■ What to work on
Where an image appears in the data, omit it and reproduce the rest exactly.

■ Supplied material
#####
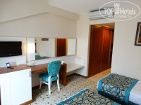 Поехали в этот отель начитавшись отличных отзывов. Поначалу, очень расстроились. Потом решили забить на минусы и отдыхать. Мы в Турции в 4 раз, были в разных 5 и есть с чем сравнивать. Прилетели мы в 7 утра, нас сразу отправили на завтрак, после завтрака сразу заселили. Номер большой, находился в мансарде 6 этаж, окна выходили на крышу и соседний отель. Анимации как таковой не было. Горки работали с 15 до 17 часов в остальное время стояли сухими. Уборка номеров на 3. За 8 дней ни разу не пылесосили, к кровати вообще не притрагивались, даже не заправляли. Все время жадничали шампунь, пустые забирали полные забывали ставить. Каждый день пополняли воду и убирали единственную мусорницу в туалете, на этом вся уборка. У соседнего номера люди выставили грязные фужеры на пол, так они стояли три дня. Еда это вообще отдельная тема. Вообще именно в этом отеле я вспомнила школьную столовую. Кто первый того и тапки. Люди бежали и буквально хапали еду некоторые даже руками. Т.к. многое вообще не пополнялось. Зеленые абрикосы и персики доставались первым, остальным оставались яблоки, апельсины и какой то зеленый, кислый фрукт типа наших ранеток. Помидоры почему то были всегда зелеными, хотя в магазинах было все спелое и в достатке. Клубники не было ни разу, только в виде украшения на сладостях. За 8 дней один раз давали пахлаву, но опять же досталась первым. Мороженное так и не попробовали, заканчивалась слишком быстро. За рыбой и мясо гриль были большие очереди. Мы как то пришли на ужин не в 19 часов, а в 20 часов. Так вообще уже даже и не жарили и готовой не было. Столики то же приходилось занимать заранее иначе не где сесть. Голодными мы не оставались, но каждый раз приходилось есть не то, что хочется, а что есть, что осталось. Персонал разный, есть приветливые, а есть явно недолюбливающие всех туристов. На ресепшене работает Алеся говорит по русски, очень приветливая и доброжелательная. До пляжа ходит маршрутка каждые 5-10 мин. Пляж работает до 18 часов, а маршрутка ходит до 17 часов. Пешком 10мин. ходьбы. Мы иногда гуляли. Пляж чистый, песочек, лежаков всегда хватало. Вкусное пиво и 2 вида вина, газ.вода. Рынки. От отеля вниз до светофора в сторону мечети. На право 1-ый рынок, очень большой, но до него идти 2-3км. А на лево 2-ой рынок маленький идти близко. В целом мы хорошо отдохнули, но в этот отель не поедим. В соседнем отеле то же 5 зв. на ужин были креветки и весь день и часть ночи была слышна анимация. Вывод если вы ни где не были и ни ели ни чего слаще морковки, то вам здесь понравится. А мы не вольно сравнивали с другими отелями Турции, там где отдыхали и этот отель оказался не на высоте.
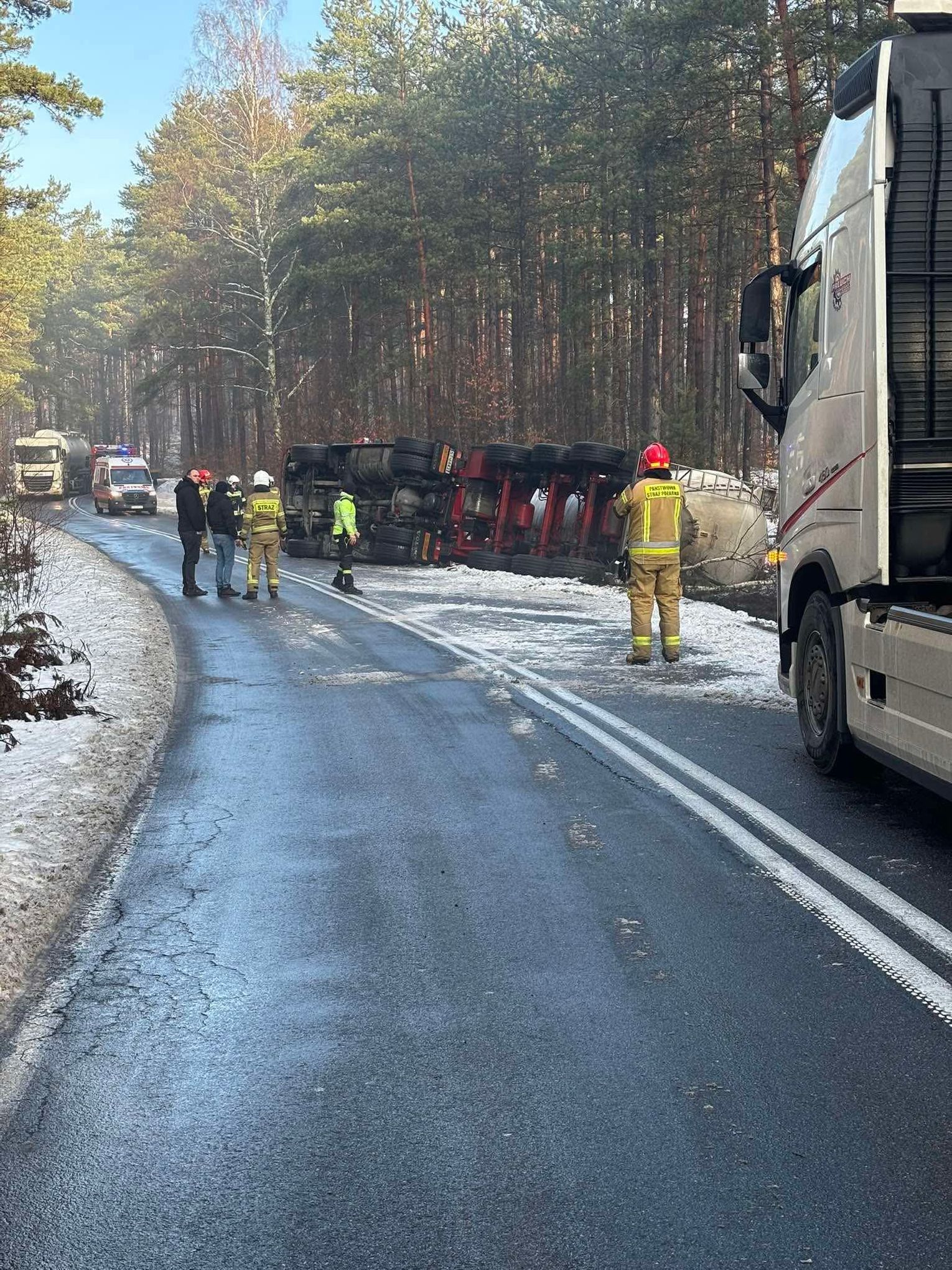 Władze oraz służby apelują do kierowców o zachowanie szczególnej ostrożności na drogach prowadzących przez tereny leśne, gdzie panujące w połowie stycznia warunki atmosferyczne mogą znacząco ograniczać przyczepność nawierzchni. Na miejscu trwała procedura weryfikacji stanu technicznego pojazdu oraz sprawdzanie, czy nie doszło do rozszczelnienia zbiornika naczepy, co mogłoby skutkować skażeniem pobliskiego ekosystemu leśnego. Szczegółowe przyczyny utraty stabilności przez ciężarówkę będą przedmiotem prowadzonego przez policję dochodzenia.
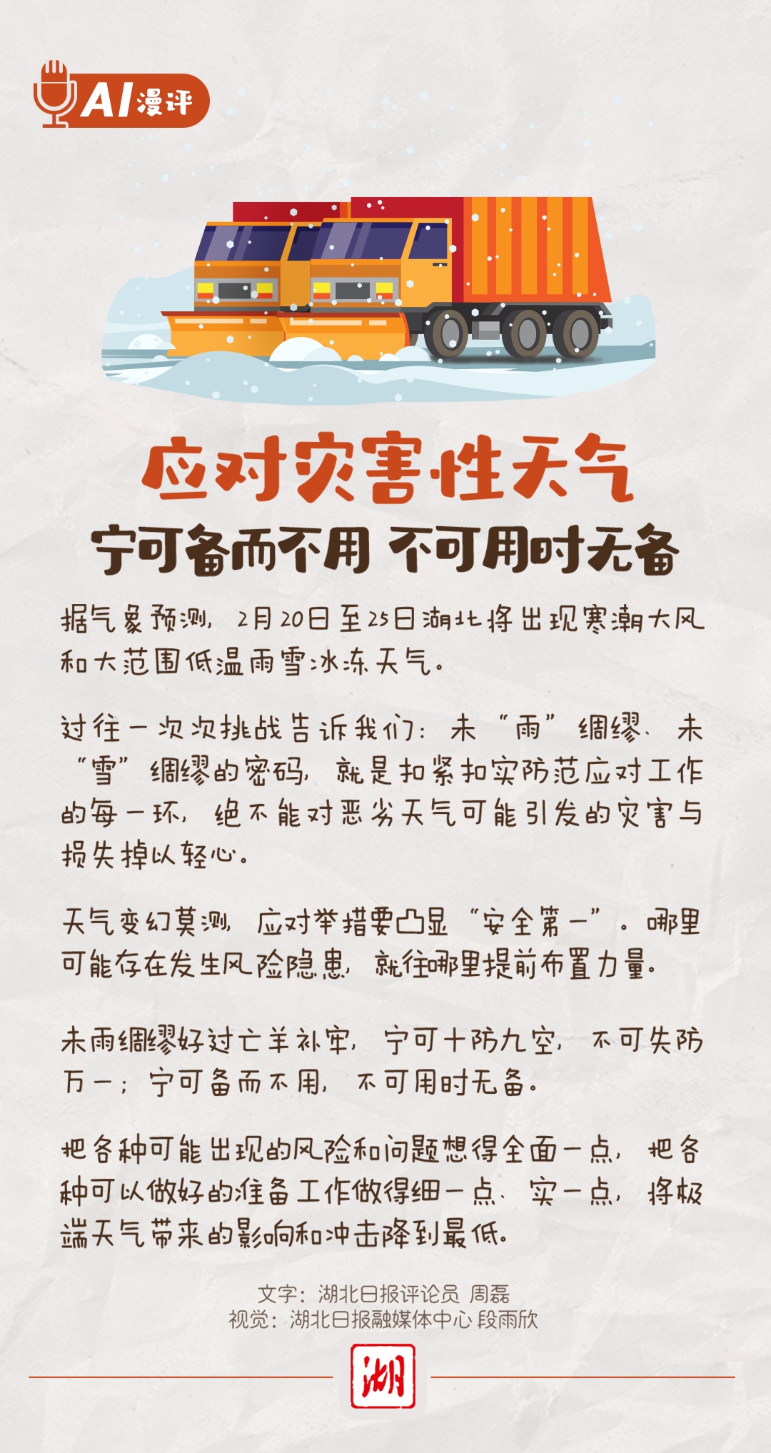 复杂天气状况,对防寒、防灾应急预案提出了更高的要求。极端天气给生产生活造成的影响是实实在在,各项应对防范工作只有思虑在前、准备充分、做得扎实,关键时刻才能掌握更多主动权。过往一次次挑战告诉我们:未“雨”绸缪、未“雪”绸缪的密码,就是扣紧扣实防范应对工作的每一环,绝不能对恶劣天气可能引发的灾害与损失掉以轻心。
#####
■ The completed task
 Поехали в этот отель начитавшись отличных отзывов. Поначалу, очень расстроились. Потом решили забить на минусы и отдыхать. Мы в Турции в 4 раз, были в разных 5 и есть с чем сравнивать. Прилетели мы в 7 утра, нас сразу отправили на завтрак, после завтрака сразу заселили. Номер большой, находился в мансарде 6 этаж, окна выходили на крышу и соседний отель. Анимации как таковой не было. Горки работали с 15 до 17 часов в остальное время стояли сухими. Уборка номеров на 3. За 8 дней ни разу не пылесосили, к кровати вообще не притрагивались, даже не заправляли. Все время жадничали шампунь, пустые забирали полные забывали ставить. Каждый день пополняли воду и убирали единственную мусорницу в туалете, на этом вся уборка. У соседнего номера люди выставили грязные фужеры на пол, так они стояли три дня. Еда это вообще отдельная тема. Вообще именно в этом отеле я вспомнила школьную столовую. Кто первый того и тапки. Люди бежали и буквально хапали еду некоторые даже руками. Т.к. многое вообще не пополнялось. Зеленые абрикосы и персики доставались первым, остальным оставались яблоки, апельсины и какой то зеленый, кислый фрукт типа наших ранеток. Помидоры почему то были всегда зелеными, хотя в магазинах было все спелое и в достатке. Клубники не было ни разу, только в виде украшения на сладостях. За 8 дней один раз давали пахлаву, но опять же досталась первым. Мороженное так и не попробовали, заканчивалась слишком быстро. За рыбой и мясо гриль были большие очереди. Мы как то пришли на ужин не в 19 часов, а в 20 часов. Так вообще уже даже и не жарили и готовой не было. Столики то же приходилось занимать заранее иначе не где сесть. Голодными мы не оставались, но каждый раз приходилось есть не то, что хочется, а что есть, что осталось. Персонал разный, есть приветливые, а есть явно недолюбливающие всех туристов. На ресепшене работает Алеся говорит по русски, очень приветливая и доброжелательная. До пляжа ходит маршрутка каждые 5-10 мин. Пляж работает до 18 часов, а маршрутка ходит до 17 часов. Пешком 10мин. ходьбы. Мы иногда гуляли. Пляж чистый, песочек, лежаков всегда хватало. Вкусное пиво и 2 вида вина, газ.вода. Рынки. От отеля вниз до светофора в сторону мечети. На право 1-ый рынок, очень большой, но до него идти 2-3км. А на лево 2-ой рынок маленький идти близко. В целом мы хорошо отдохнули, но в этот отель не поедим. В соседнем отеле то же 5 зв. на ужин были креветки и весь день и часть ночи была слышна анимация. Вывод если вы ни где не были и ни ели ни чего слаще морковки, то вам здесь понравится. А мы не вольно сравнивали с другими отелями Турции, там где отдыхали и этот отель оказался не на высоте.
 Władze oraz służby apelują do kierowców o zachowanie szczególnej ostrożności na drogach prowadzących przez tereny leśne, gdzie panujące w połowie stycznia warunki atmosferyczne mogą znacząco ograniczać przyczepność nawierzchni. Na miejscu trwała procedura weryfikacji stanu technicznego pojazdu oraz sprawdzanie, czy nie doszło do rozszczelnienia zbiornika naczepy, co mogłoby skutkować skażeniem pobliskiego ekosystemu leśnego. Szczegółowe przyczyny utraty stabilności przez ciężarówkę będą przedmiotem prowadzonego przez policję dochodzenia.
 复杂天气状况,对防寒、防灾应急预案提出了更高的要求。极端天气给生产生活造成的影响是实实在在,各项应对防范工作只有思虑在前、准备充分、做得扎实,关键时刻才能掌握更多主动权。过往一次次挑战告诉我们:未“雨”绸缪、未“雪”绸缪的密码,就是扣紧扣实防范应对工作的每一环,绝不能对恶劣天气可能引发的灾害与损失掉以轻心。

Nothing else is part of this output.